“噼里啪啦……”
崇祯九年六月十七,蓟辽长城上的狼烟尚未散尽,兵灾带来的血腥气味便已经顺着北风,自喜峰口灌入了永平府境内。
迁安县北部的清徐堡外,数千帐篷矗立野外,将清徐堡护在其中。
原本驻有三百边军的清徐堡,其堡墙不知垮塌了多少处,那插着“大朙”旗帜的地方,此时却插满了“大清”的旌旗。

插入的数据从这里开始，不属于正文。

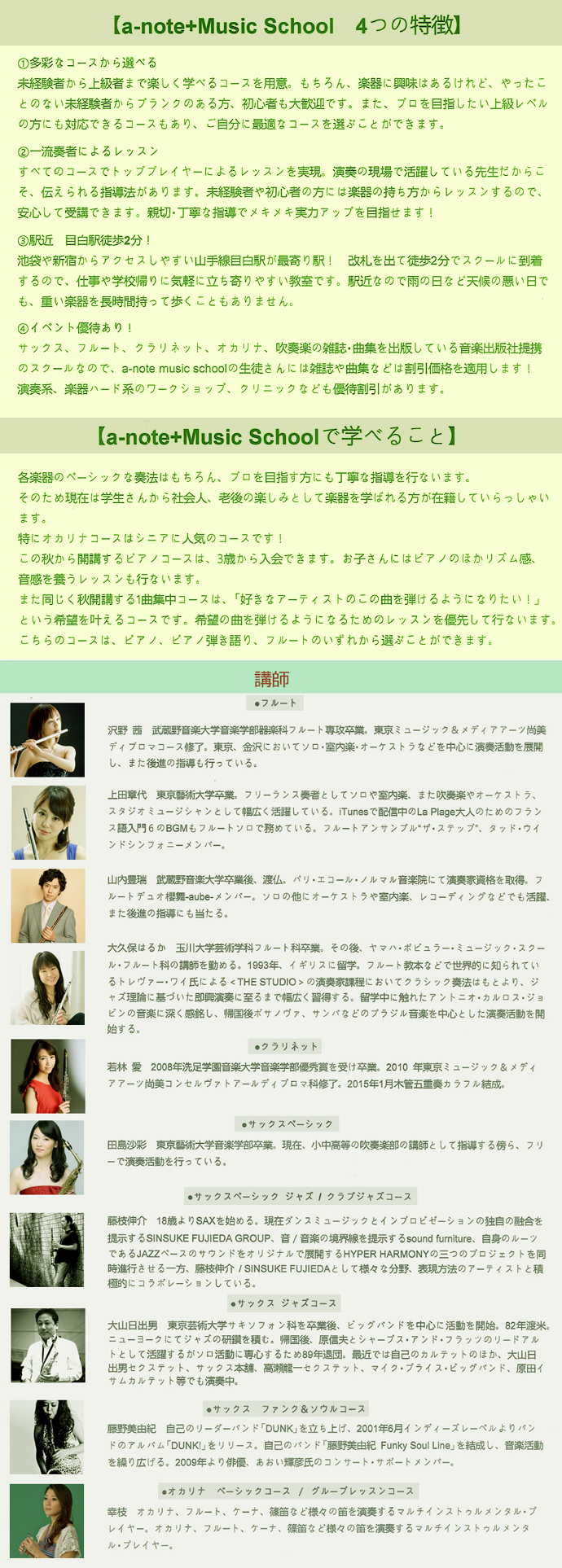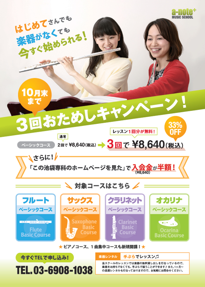 ・フルート ボサノヴァコース 12,960円(45分/月2回) 15,120円(60分/月2回)
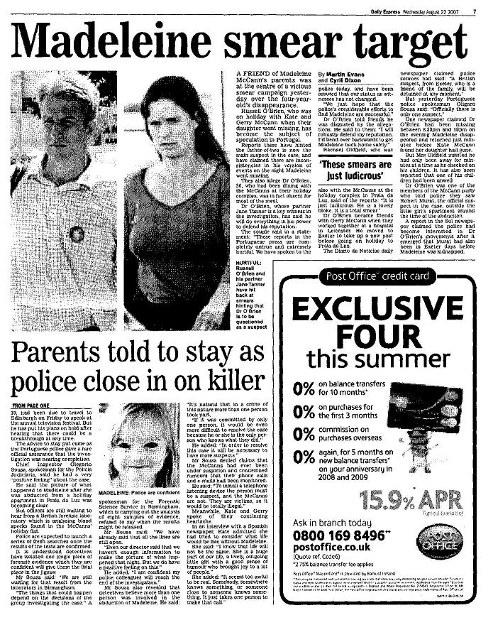 Madeleine's disappearance - the PJ have doubts, 08 May 2007

从堡外的帐篷到堡内的街道,凡是能够走路的地方,充斥着穿着布面甲的满人和蒙古人。
“啪——”
“跪下!”
清徐堡外,蒙古人的马鞭在空中炸响,抽在一个老农背上,粗布衣裳瞬间裂开,皮肉翻卷。
老农踉跄跪倒,额头抵在滚烫的砂石上,而他身后则是黑压压的跪着三千余人。
“奉命大将军,这堡内和就近的汉人尼堪都在这里了。”
清徐堡的敌楼上,留有两撇小胡子的固山额真谭泰正向着面前的阿济格行礼禀报,而他身后还站着此次来援蒙古八旗的固山额真吴讷格等将。
不过三十出头的阿济格在听到谭泰的禀报后,当即点头道:“按照皇上的旨意,将他们尽数剃头!”
“是!”谭泰连忙应下,随后看向不远处的旗兵。
旗兵得到示意,连忙挥舞手上令旗,接着堡外的蒙古人和满八旗扈从便行动了起来。
被满八旗从北边抓为扈从的野人女真们抬来长凳,上百条长凳摆在那三千跪下的汉人前,接着便见他们两人持刀守在旁边,一人握着剃头刀坐在凳上。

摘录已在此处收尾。